Venezuela has begun publishing the sale price of its oil crude in Chinese yuan rather than U.S. dollars, as is traditionally done in the world’s oil markets.
President Nicolas Maduro has said moving to the currency is one way to counter U.S. economic sanctions.
It’s also a sales pitch to China and other non-U.S. markets.
CGTN’s Juan Carlos Lamas reports.
Venezuela said the switch to Chinese currency is part of a push become free from what it calls the “tyranny of the dollar.”
“Venezuela cannot risk its economy, 97 percent of the dollars that enter the country come from oil income,” Miguel Jaimes, an oil expert said. “So it has the economic responsibility to open up to new markets and new scenarios and take advantage of the consolidation of the yuan as currency in the international market.”
Venezuela switched from dollars to yuan after U.S. President Trump imposed sanctions, blocking U.S. citizens from buying new debt from Venezuela or from its state oil company PDVSA.

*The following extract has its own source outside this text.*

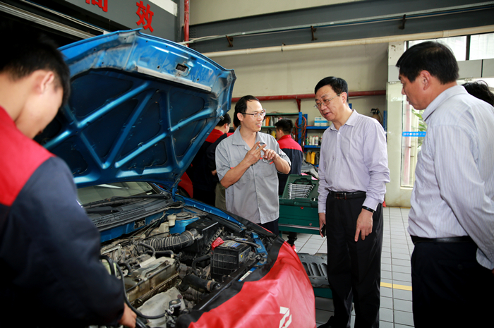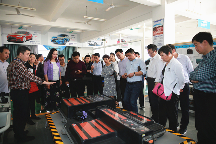 一行人參觀我院新能源汽車實訓設備(bèi)
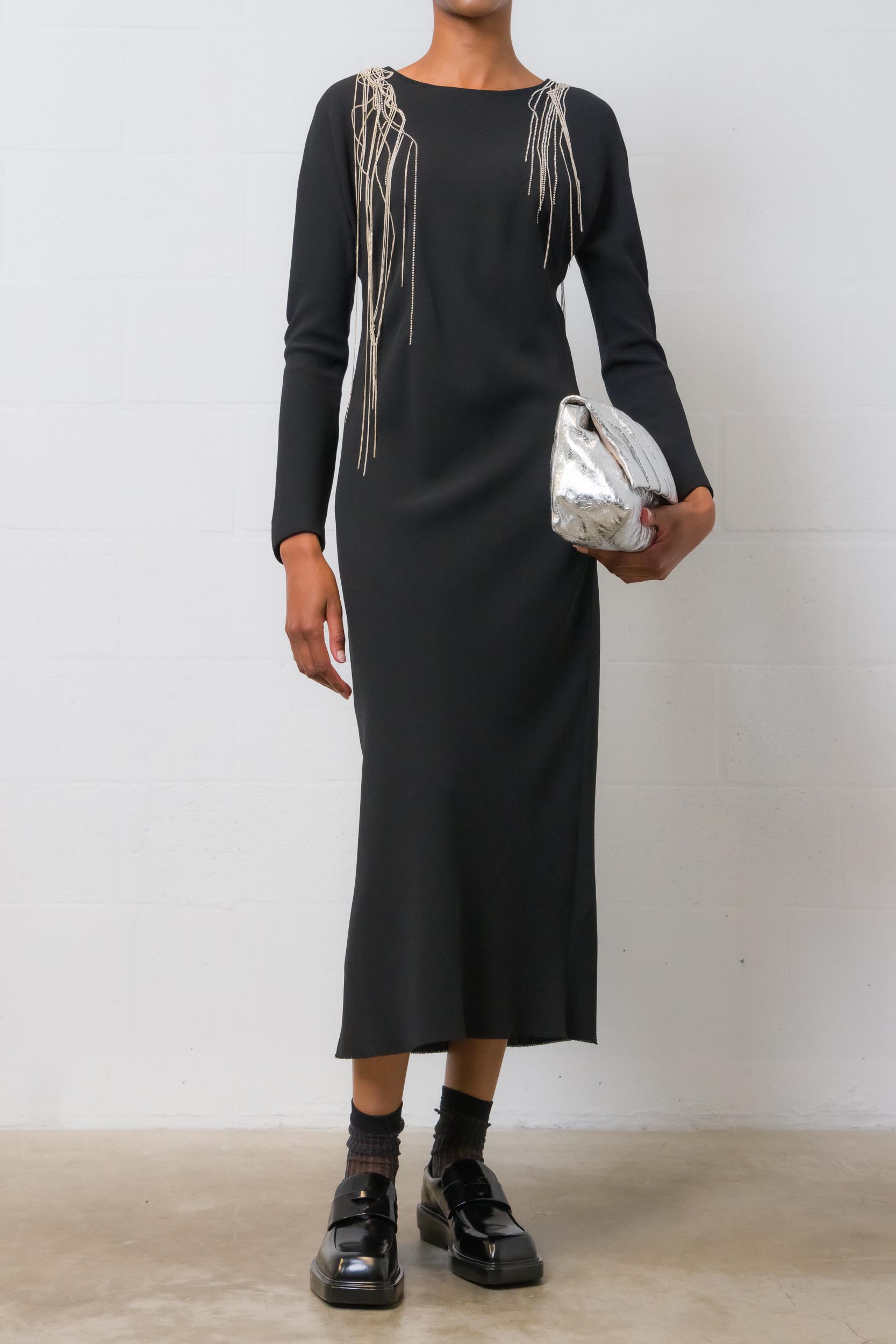 This black crepe de Chine dress is designed by Dries Van Noten. This dress is adorned with rows of sparkling crystals and curb chains that fall haphazardly down the front. It features a subtly cinched waist.

Some have argued it’s a smart move.
“The only country that has so far reported the price of a barrel of oil in yuan is Venezuela,” Luis Enrique Gavazut, an economist said. “It is a bold decision that may be followed by other oil producing countries worldwide.”
Gavazut said China has been planning to move U.S. monetary domination towards the Euro-Asian bloc for decades.

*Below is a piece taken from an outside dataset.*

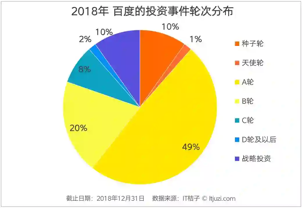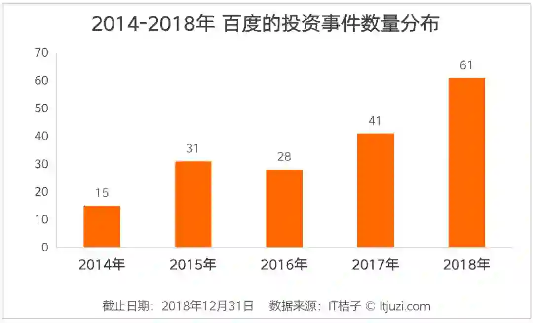 截止到 2018 年 12 月 31 日,IT 桔子追踪到百度 2018 年投资事件数量达到 61 起,投资活跃度相比 AT 差距非常明显,还不到他们的一半。
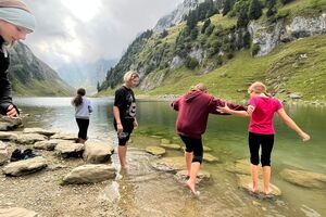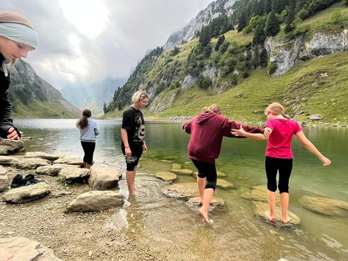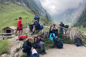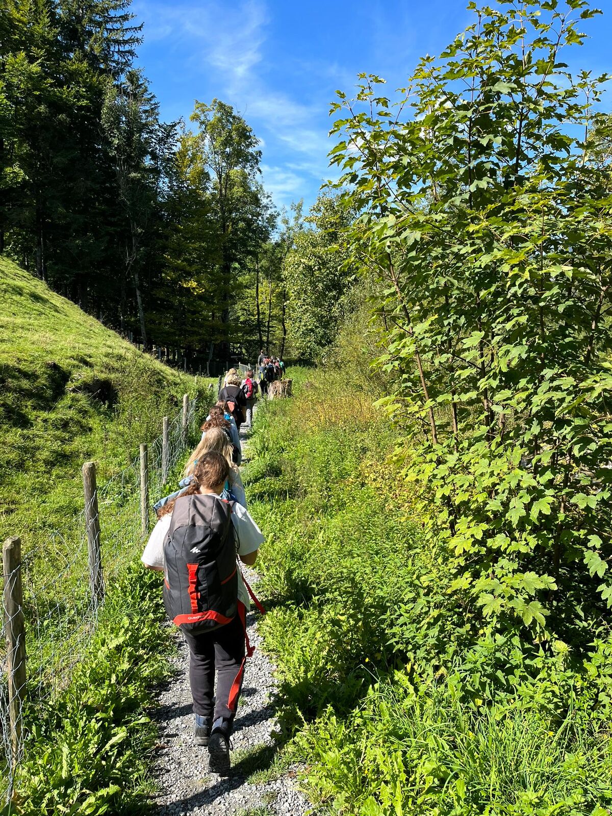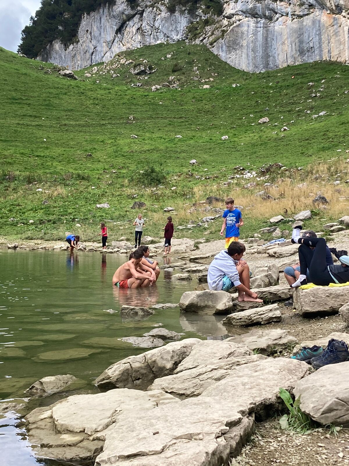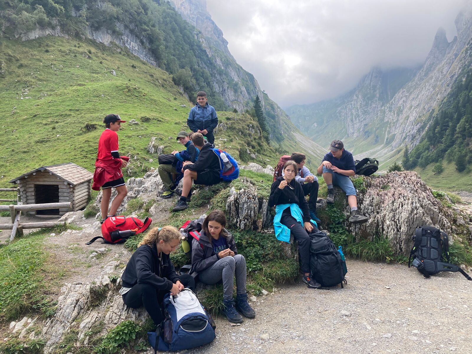 In der dritten Schulwoche verbrachte die Klasse 1r zwei Tage im Alpstein. Mit dem «Gaiserbähnli» ging es nach Brülisau, wo wir die ca. 1000 Höhenmeter mit der Seilbahn auf den Hohen Kasten überwanden. Wir genossen die fantastische Aussicht übers Rheintal und den Alpstein. Anschliessend wanderten wir via Staubern und Saxer Lücke zum Berggasthaus Bollenwees. Im kalten Fälensee konnten sich die Jugendlichen vor dem Nachtessen abkühlen. Den Abend verbrachten sie mit «Werwölfeln», «Mäxle» und Jassen.

“China has the support of Russia and of other countries like Venezuela,” Gavazut says. “China seeks to manage a financial system that does not rely heavily on the dollar but rather on the yuan.”
For now, Venezuela’s oil company PDVSA debts are still denominated in dollars and for now, that’s how PDVSA will have to pay bondholders. And that makes Venezuela vulnerable to new economic sanctions that could freeze assets.

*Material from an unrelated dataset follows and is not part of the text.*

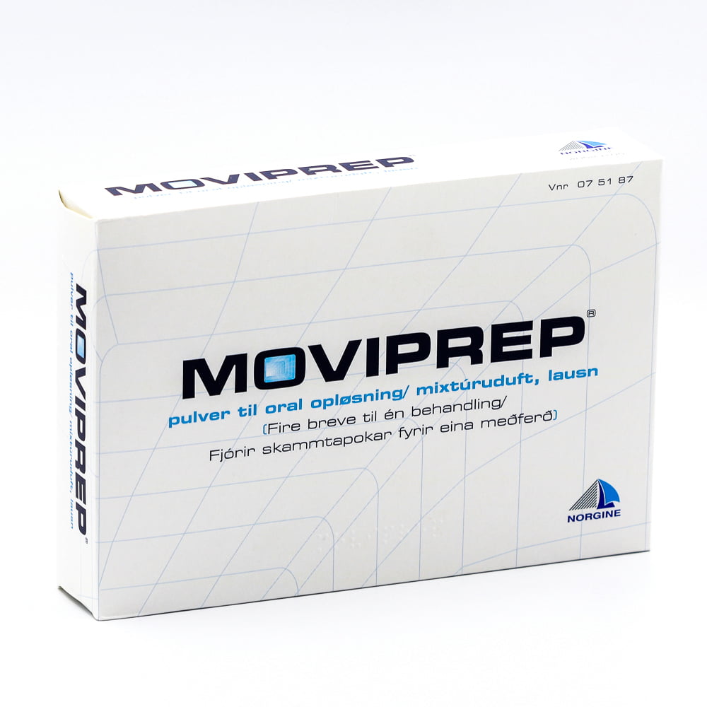 Moviprep er hægðalyf með sítrónubragði sem er pakkað í fjóra skammtapoka. Það eru tveir stærri skammtapokar (‘skammtapoki A’) og tveir minni skammtapokar (‘skammtapoki B’). Þú þarft að nota alla þessa poka fyrir eina meðferð. Moviprep er ætlað til notkunar hjá fullorðnum til að hreinsa ristilinn svo hann sé tilbúinn fyrir skoðun. Moviprep verkar þannig að það tæmir innihald ristilsins, svo þú skalt reikna með vatnskenndum hægðum.

Venezuela and China are partners in four oil companies in Venezuela and they’re developing a refinery in China with plans to process 400,000 barrels of Venezuelan oil a day.
The yuan is not as liquid as the dollar, but with close trade ties to China, Venezuela can use its holdings of yuan to buy industrial products from China, continuing to distance itself from the U.S. and the domination of the dollar.